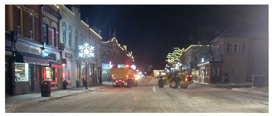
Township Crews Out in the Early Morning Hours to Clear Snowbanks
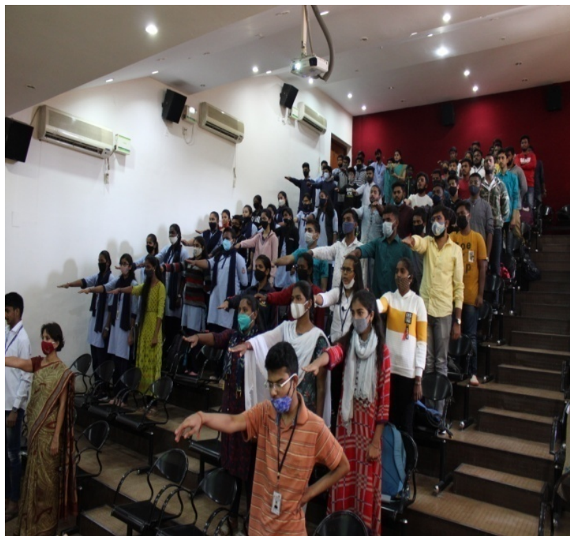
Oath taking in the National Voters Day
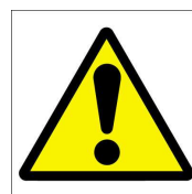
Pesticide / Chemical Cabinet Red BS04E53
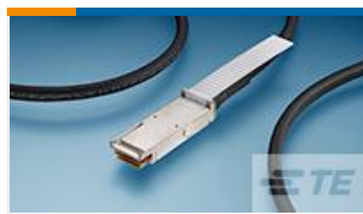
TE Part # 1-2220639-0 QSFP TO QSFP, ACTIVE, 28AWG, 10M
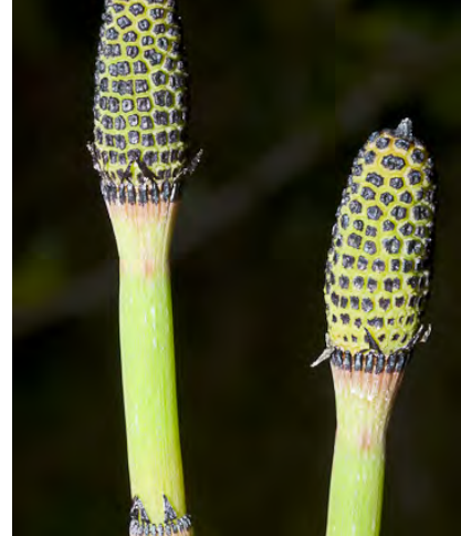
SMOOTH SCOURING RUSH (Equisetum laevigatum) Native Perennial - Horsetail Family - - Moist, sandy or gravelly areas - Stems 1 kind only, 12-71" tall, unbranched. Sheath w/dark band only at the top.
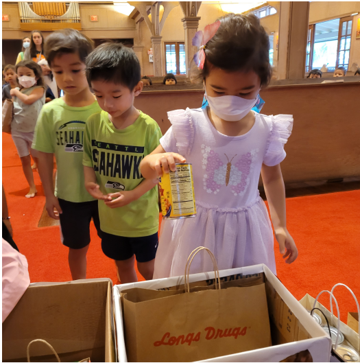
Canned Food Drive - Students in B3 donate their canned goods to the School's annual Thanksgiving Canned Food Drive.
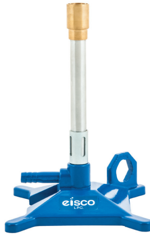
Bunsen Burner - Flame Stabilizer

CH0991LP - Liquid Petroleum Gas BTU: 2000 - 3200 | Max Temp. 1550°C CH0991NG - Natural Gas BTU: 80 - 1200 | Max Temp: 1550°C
* * *
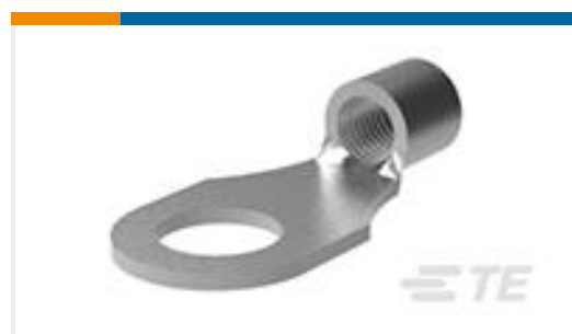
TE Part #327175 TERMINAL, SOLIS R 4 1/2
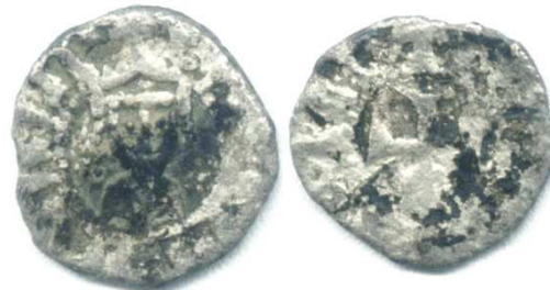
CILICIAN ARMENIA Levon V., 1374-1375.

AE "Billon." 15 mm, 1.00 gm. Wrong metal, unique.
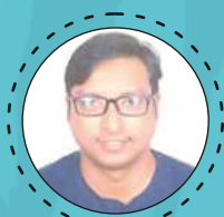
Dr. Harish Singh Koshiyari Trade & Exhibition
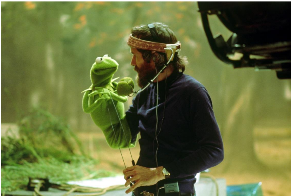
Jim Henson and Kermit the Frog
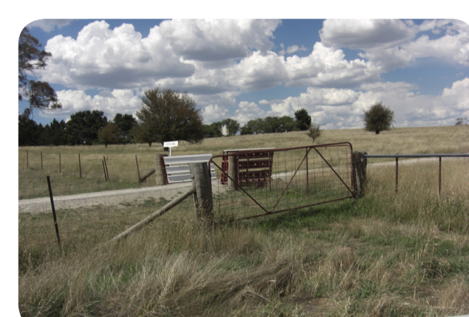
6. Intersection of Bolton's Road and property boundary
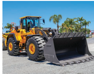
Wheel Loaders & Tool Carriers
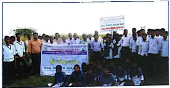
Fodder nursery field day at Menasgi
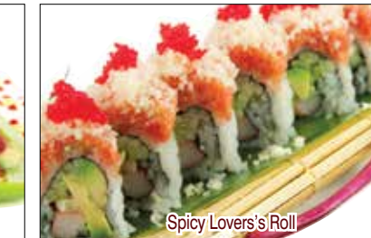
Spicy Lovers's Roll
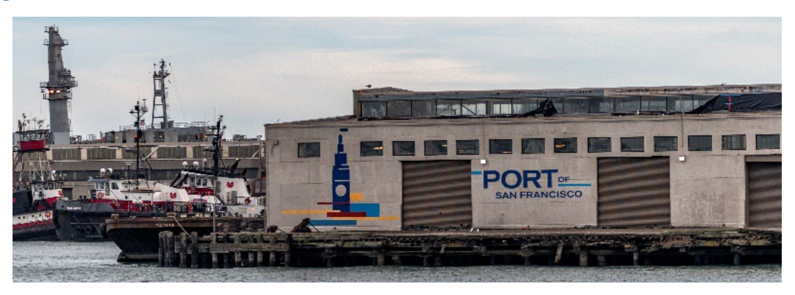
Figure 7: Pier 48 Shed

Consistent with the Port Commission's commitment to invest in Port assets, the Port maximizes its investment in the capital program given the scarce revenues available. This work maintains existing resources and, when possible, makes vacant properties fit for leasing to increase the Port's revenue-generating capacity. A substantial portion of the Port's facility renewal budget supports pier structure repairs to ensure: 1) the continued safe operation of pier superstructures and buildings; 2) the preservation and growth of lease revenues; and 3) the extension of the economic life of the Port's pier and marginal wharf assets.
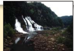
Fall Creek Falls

- [What is being asked]
Here the job is to copy the listing above word for word, starting at the line with "SMOOTH SCOURING RUSH" and ending at the line with "CH0991LP - Liquid", and to leave out the pictures.

- [Response area]
SMOOTH SCOURING RUSH (Equisetum laevigatum) Native Perennial - Horsetail Family - - Moist, sandy or gravelly areas - Stems 1 kind only, 12-71" tall, unbranched. Sheath w/dark band only at the top.
Canned Food Drive - Students in B3 donate their canned goods to the School's annual Thanksgiving Canned Food Drive.
Bunsen Burner - Flame Stabilizer

CH0991LP - Liquid Petroleum Gas BTU: 2000 - 3200 | Max Temp. 1550°C CH0991NG - Natural Gas BTU: 80 - 1200 | Max Temp: 1550°C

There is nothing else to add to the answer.